Thursday, July 16, 2015

The “Will Power " of Water

During our Thursday evening sitting tonight, a question had been raised by one of the U of T students regarding how pain is treated in meditation practice. The Venerable mentioned three approaches, all of which resonated well with me. The first is to appreciate the pain, almost as though one were to embrace the pain rather than rejecting it. This is a tricky practice, since it involves letting go of the fear of pain that often overwhelms the meditation practitioner in the beginning of practice. Sometimes people refer to this practice as being ‘open’ or ‘curious’. In other words, it’s not just a neutral practice of holding something at bay or trying to emotionally disconnect from it (which would be a form of rejection in a way). I think it’s more like slowly opening up to the rawness or the tenderness of that pain, wanting to genuinely face it and understand its signals rather than trying to neutralize the experience or detach from  it.

The second approach mentioned by the Venerable is not to treat the pain as ‘my’ pain. For example, I might describe the sensation as something that is part of me: “I have this pain”, “there is a pain in my leg”, etc. This approach can be valuable in the way that I am no longer adding more pain to it by identifying with my own body. But this ‘dissociating’ is not the same as the dissociating I do with my intellect, when I find a pain uncomfortable.

The third approach was described by the Venerable as a kind of will power. By acknowledging that sitting with pain can create a greater sense of tolerance for that pain, the practitioner can learn to sit still in that pain with a sense of purpose and motivation. If I can learn to bear the discomfort of leg pain, I may later be able to have the strength to handle the greater discomforts of a major illness.

In principle, I think all these approaches work, but I find it useful to go back to the water analogy to understand what is happening. When I first started to meditate in longer group situations, my reaction to pain was often quite intense. I noticed how I regarded the pain as something that somehow should not be, and therefore needs to be rejected in order to embrace a truly ‘liberating’ experience. What I didn’t realize was that this desire for a liberating experience was where most of my suffering was.  It reflected a lack of intimate understanding of the pain itself, and a wish to push away from the body in order to achieve a realization of some kind. But what I couldn’t realize is that this pressure to desire something more created a tremendous fear of not realizing it. This took the form of anxiously trying to push away the pain or transform it into something else, much as an alchemist might transform lead into gold. Of course, it doesn’t quite work this way.

What I find most useful with the water analogy is that we don’t even need to reject our ‘rejections’. Everything is beheld as it is equally in mind. When I can understand that no experience is ever away from the mind, it is like realizing that the water pervades everything without obstacles. The true nature of mind is able to accommodate any experience, so it fluidly moves between viewpoints. The more I can understand this, the less I feel a need to change one ‘unfavorable’ experience into a very good experience. Each experience is complete into itself because it depends on something greater than everything.

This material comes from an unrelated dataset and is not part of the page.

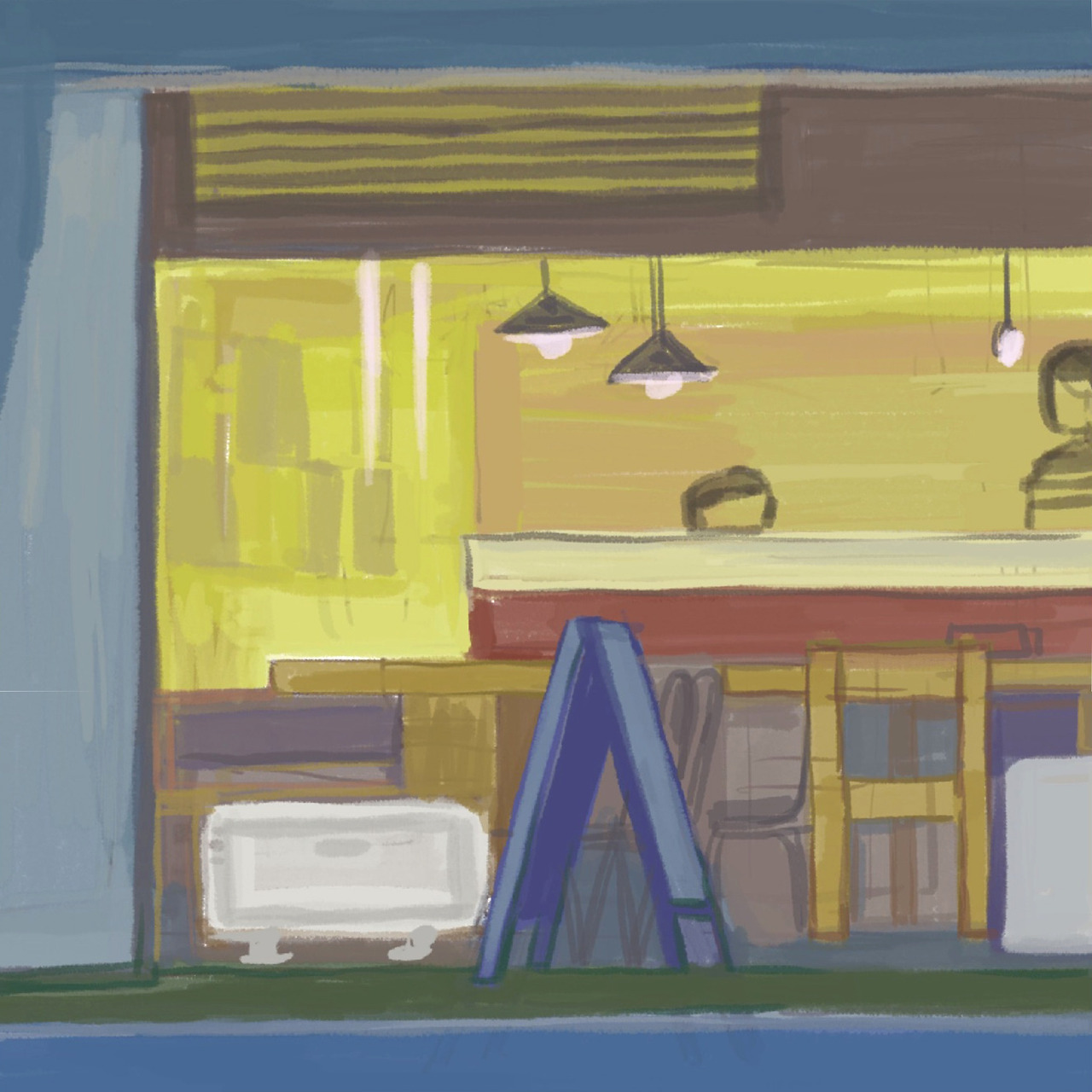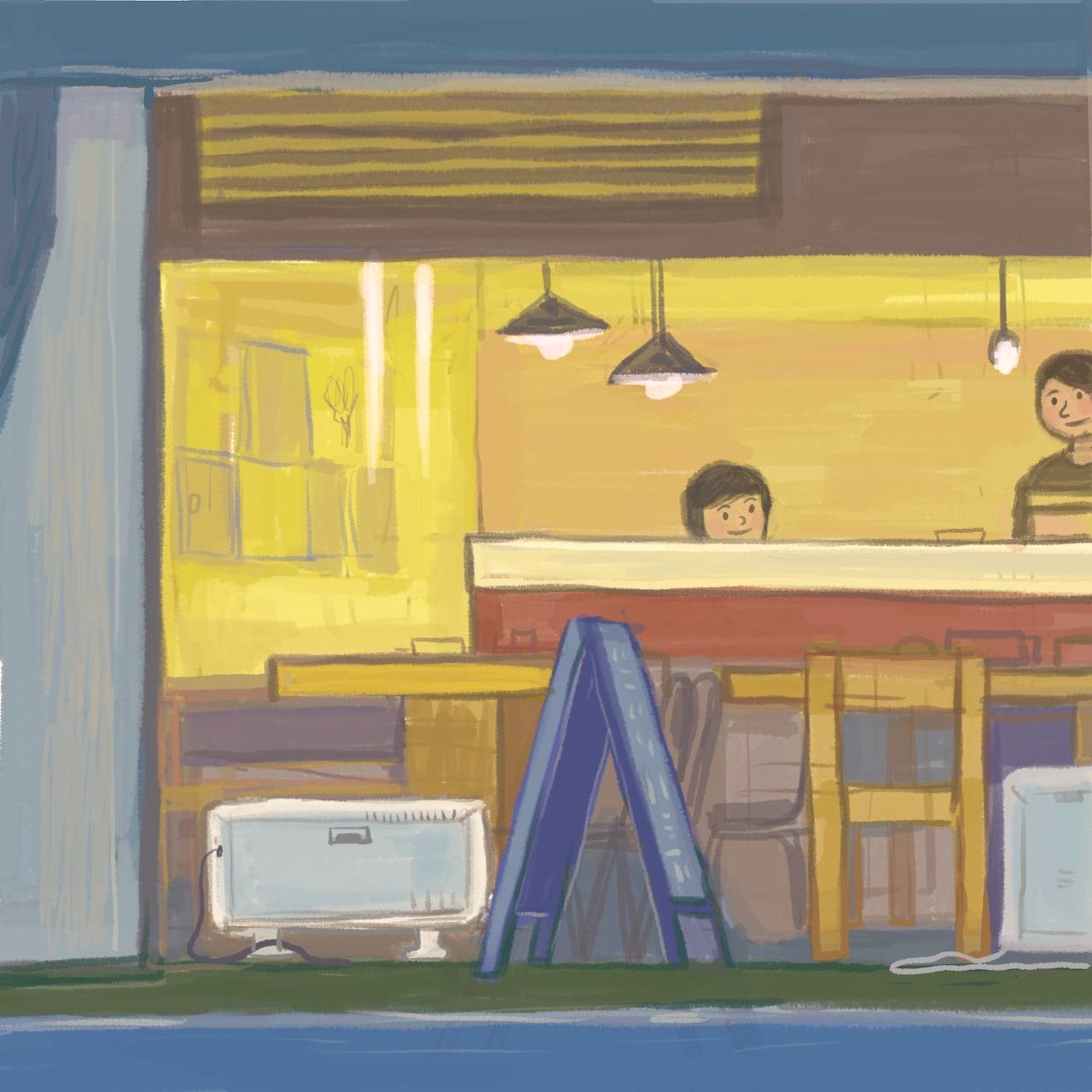 카페 내부를 들어가 본 적이 없이 사진을 통해서만 그리는 것이라서 구조상 정확하게 어떻게 생겼는지에 대한 정보가 부족한 상태로 그림을 그려서 뭔가 어색한 점이 생겼다.

This sounds abstract, but one way to practice it is to understand that the thoughts are just parts of a fluid and dynamic experience. They are never to be confused with the true mind, which cannot be grasped as an object. It can only be somehow pointed to. The more I can grapple with that question of how true mind is approached, the less I take these solid-looking appearances to be real. So the will power of water is that it simply has no separate individual will controlling its experience.